Dieckhaus Henry, Kuhlman Brian
Department of Biochemistry and Biophysics, University of North Carolina School of Medicine, Chapel Hill, North Carolina, USA.
Division of Chemical Biology and Medicinal Chemistry, University of North Carolina Eshelman School of Pharmacy, Chapel Hill, North Carolina, USA.
Protein Sci. 2025 Jan;34(1):e70003. doi: 10.1002/pro.70003.
There is strong interest in accurate methods for predicting changes in protein stability resulting from amino acid mutations to the protein sequence. Recombinant proteins must often be stabilized to be used as therapeutics or reagents, and destabilizing mutations are implicated in a variety of diseases. Due to increased data availability and improved modeling techniques, recent studies have shown advancements in predicting changes in protein stability when a single-point mutation is made. Less focus has been directed toward predicting changes in protein stability when there are two or more mutations. Here, we analyze the largest available dataset of double point mutation stability and benchmark several widely used protein stability models on this and other datasets. We find that additive models of protein stability perform surprisingly well on this task, achieving similar performance to comparable non-additive predictors according to most metrics. Accordingly, we find that neither artificial intelligence-based nor physics-based protein stability models consistently capture epistatic interactions between single mutations. We observe one notable deviation from this trend, which is that epistasis-aware models provide marginally better predictions than additive models on stabilizing double point mutations. We develop an extension of the ThermoMPNN framework for double mutant modeling, as well as a novel data augmentation scheme, which mitigates some of the limitations in currently available datasets. Collectively, our findings indicate that current protein stability models fail to capture the nuanced epistatic interactions between concurrent mutations due to several factors, including training dataset limitations and insufficient model sensitivity.

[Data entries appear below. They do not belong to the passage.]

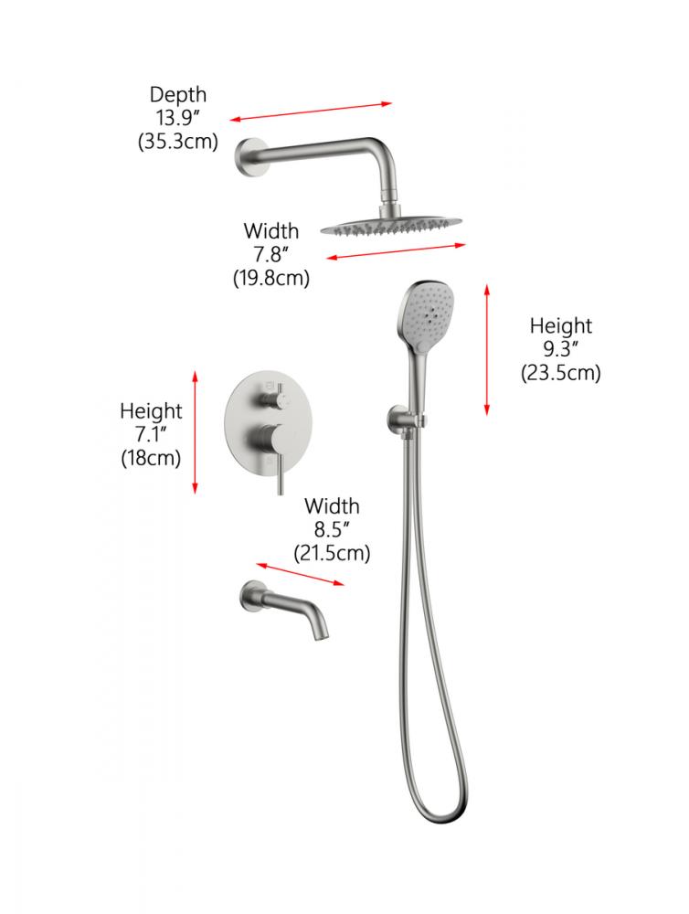 Package includes rough-in valve, 8-inch shower head, 14 inch shower arm, Escutcheon flange, 59 inch hose, wall supply elbow, 7 inch faucet trim with handles, 9 inch hand-held showerhead, 8.5 inch tub spout with flange.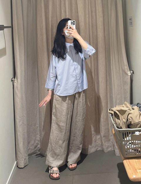 新上的muji立领七分袖衬衫好显瘦优点是材质很清凉也很轻快,很适合小个子,和棉麻宽版裤很适配,入了!缺点不是全棉,添加了40%聚酯纤维。248的价格,性价比一般。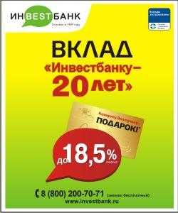 В рэнкинге "Лучшие ставки по депозитам в рублях на 12 месяцев" (минимальная сумма вклада до 100 000 рублей) вклад "Инвестбанку - 20 лет" занимает пятнадцатое место, вклад "Лучше зарплаты" - семнадцатое место.
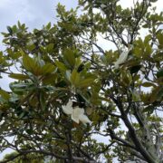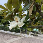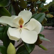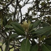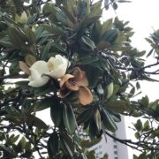 日本にはいってきたのは明治6年。 その時に大きな花と堂々とした木の姿から「大山木」⇒「泰山木(タイサンボク)」と名付けられました。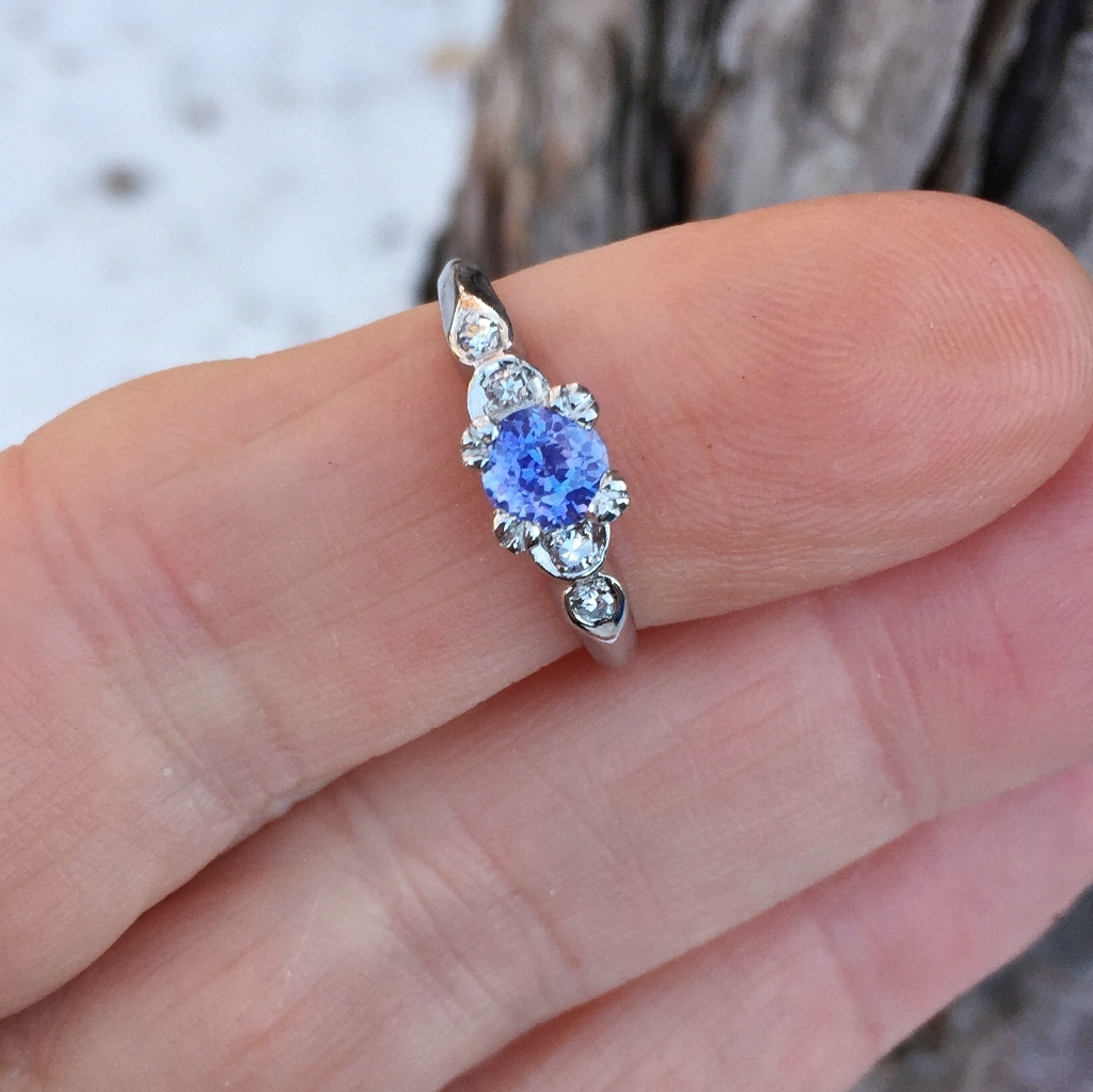 Vintage Estate Platinum Lilac Sapphire Diamond Ring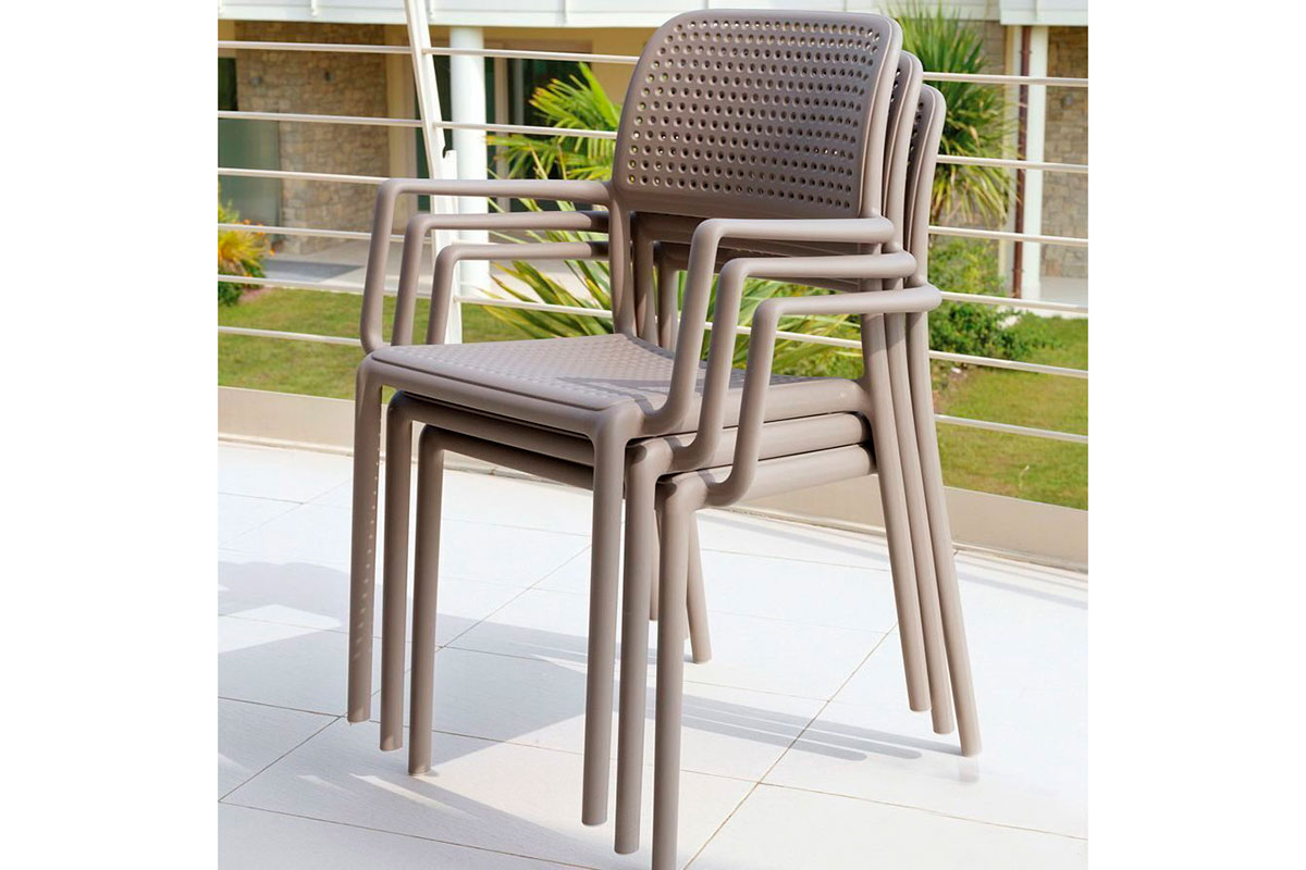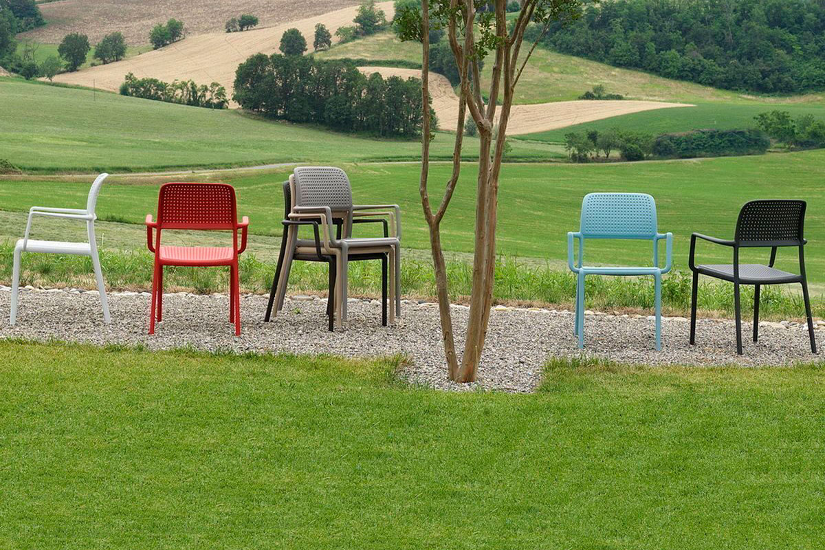 Уличные стулья Bora коллекции Lekko с подлокотниками от производителя Nardi - это стильный и элегантный стул от итальянских дизайнеров из стеклопластика, разработанный для коммерческого использования в помещении и на улице.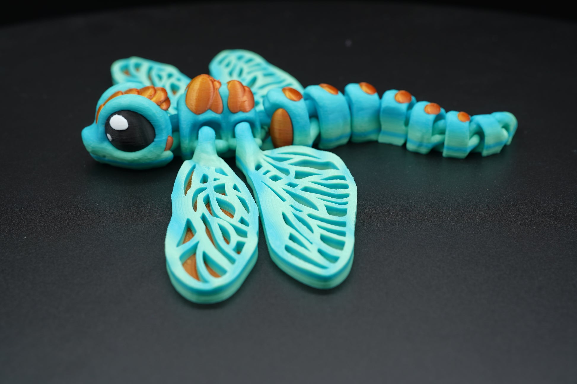 Available in a variety of color combinations. Due to filament variation and the 3D printing process, each Dragon Fly is unique.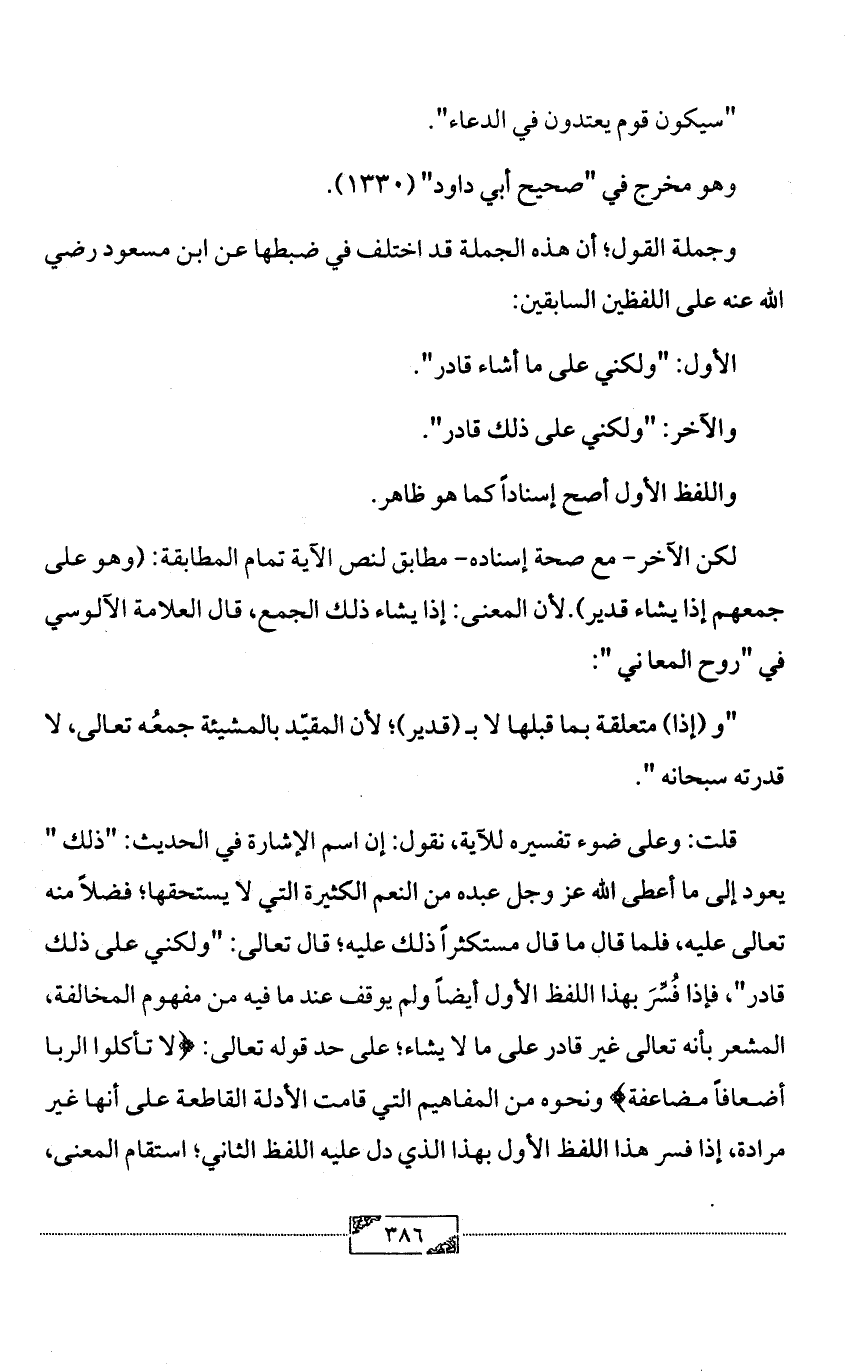 قلت: وعلى ضوء تفسيره للآية، نقول: إن اسم الإشارة في الحديث: "ذلك " يعود إلى ما أعطى الله عز وجل عبده من النعم الكثيرة التي لا يستحقها؛ فضلاً منه تعالى عليه، فلما قال ما قال مستكثراً ذلك عليه؛ قال تعالى: "ولكني على ذلك قادر"، فإذا فُسِّرَ بهذا اللفظ الأول أيضاً ولم يوقف عند ما فيه من مفهوم المخالفة، المشعر بأنه تعالى غير قادر على ما لا يشاء؛ على حد قوله تعالى: {لا تأكلوا الربا أضعافاً مضاعفة} ونحوه من المفاهيم التي قامت الأدلة القاطعة على أنها غير مرادة، إذا فسر هذا اللفظ الأول بهذا الذي دل عليه اللفظ الثاني؛ استقام المعنى،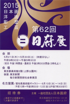 HPの更新がままならない日々が続いている。このような状態は、作家生活に没頭している時である。6月10日(水)から14日(日)の名古屋展 (日府展) でお会いできることを楽しみにしている。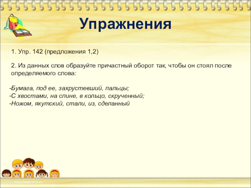1. В данном предложении найдите причастия и слова, к которым они относятся.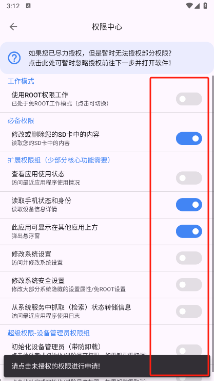 1、当我们打开之后,若要使用其中的功能,建议大家尽可能开启所有权限。

人们对准确预测由于蛋白质序列中的氨基酸突变而导致的蛋白质稳定性变化的方法有着浓厚的兴趣。重组蛋白通常必须经过稳定化处理才能用作治疗剂或试剂,而不稳定的突变与多种疾病有关。由于数据可用性的提高和建模技术的改进,最近的研究表明在预测单点突变时蛋白质稳定性的变化方面取得了进展。而对于预测两个或更多突变时蛋白质稳定性的变化则关注较少。在这里,我们分析了最大的双点突变稳定性可用数据集,并在这个数据集和其他数据集上对几个广泛使用的蛋白质稳定性模型进行了基准测试。我们发现蛋白质稳定性的加性模型在这项任务中表现出奇地好,根据大多数指标,其性能与可比的非加性预测器相似。因此,我们发现基于人工智能的和基于物理学的蛋白质稳定性模型都不能始终捕捉单个突变之间的上位性相互作用。我们观察到一个明显偏离这一趋势的情况,即上位性感知模型在稳定双点突变方面提供的预测略优于加性模型。我们开发了一个用于双突变体建模的ThermoMPNN框架扩展,以及一种新颖的数据增强方案,该方案减轻了当前可用数据集中的一些限制。总的来说,我们的研究结果表明,由于包括训练数据集限制和模型灵敏度不足在内的几个因素,当前的蛋白质稳定性模型未能捕捉到并发突变之间细微的上位性相互作用。